In my homework assignment it says: $\sum^\infty_{i=1}p^2(1-p)^{2(i-1)}=\frac{p^2}{1-(1-p)^2}=\frac{p}{2-p}$
I don't see how $\sum^\infty_{i=1}p^2(1-p)^{2(i-1)}=\frac{p^2}{1-(1-p)^2}$
I tried showing it, knowing that:
$\sum^\infty_{i=1}p^2(1-p)^{2(i-1)} = \frac{p^2}{(1-p)^2}\sum^\infty_{i=1}(1-p)^{2i}=$
$\frac{p^2}{(1-p)^2}\sum^\infty_{i=0}(1-p)^{2i}-(1-p) = \frac{p^2}{(1-p)^2}\sum^\infty_{i=0}((1-p)^{2})^{i}-(1-p) = \frac{p^2}{(1-p)^2} \cdot ( \frac{1}{(1-p)^2} -1 )$
it does not seem to be $\frac{p^2}{1-(1-p)^2}$
is there a mistake I've made along the way? Can someone help?

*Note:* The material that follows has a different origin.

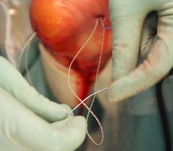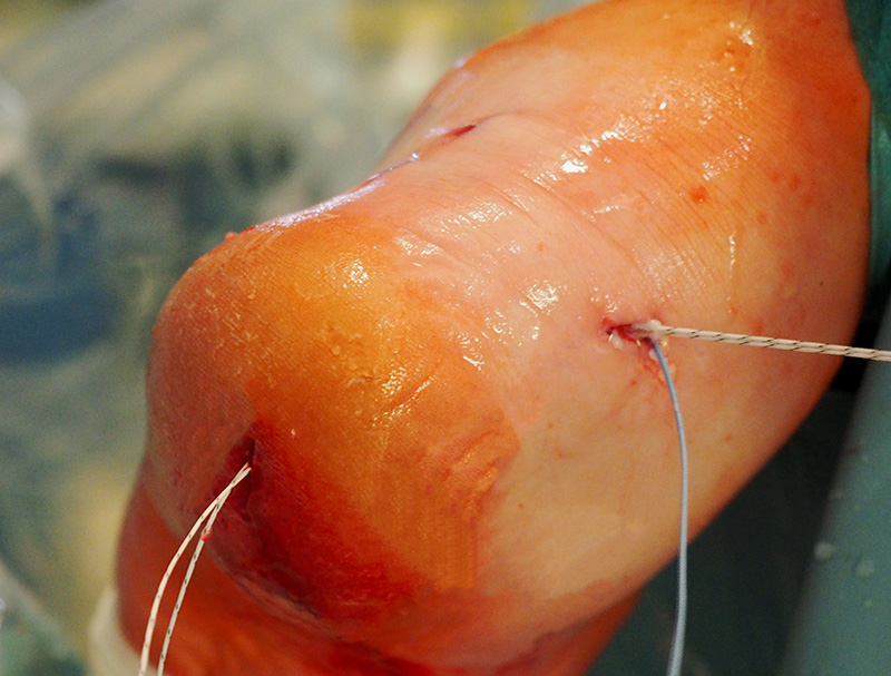 Armierung des Sehnenstumpfes mit einem kräftigen Faden (z.B. USP 2) in Baseballsstitch-Technik und Messen des Sehnendurchmessers.

Let's simplify things a bit first. Let $j=i-1$ giving us
$$\sum_{j=0}^{\infty} p^2 (1-p)^{2j}. $$
Notice there's no dependence on $j$ for the $p^2$ term which enables us to drag it out of the summation
$$p^2\sum_{j=0}^{\infty} (1-p)^{2j}, $$ and to make things clearer, we can make another substitution, say $\tilde{p}=(1-p)^2$, and write
$$p^2\sum_{j=0}^{\infty} \tilde{p}^{j}. $$
Now this is just the geometric series, so we have
$$p^2\sum_{j=0}^{\infty} \tilde{p}^{j} = p^2\left[\frac{1}{1-\tilde{p}}\right] $$ $$= \frac{p^2}{1-(1-p)^2.}$$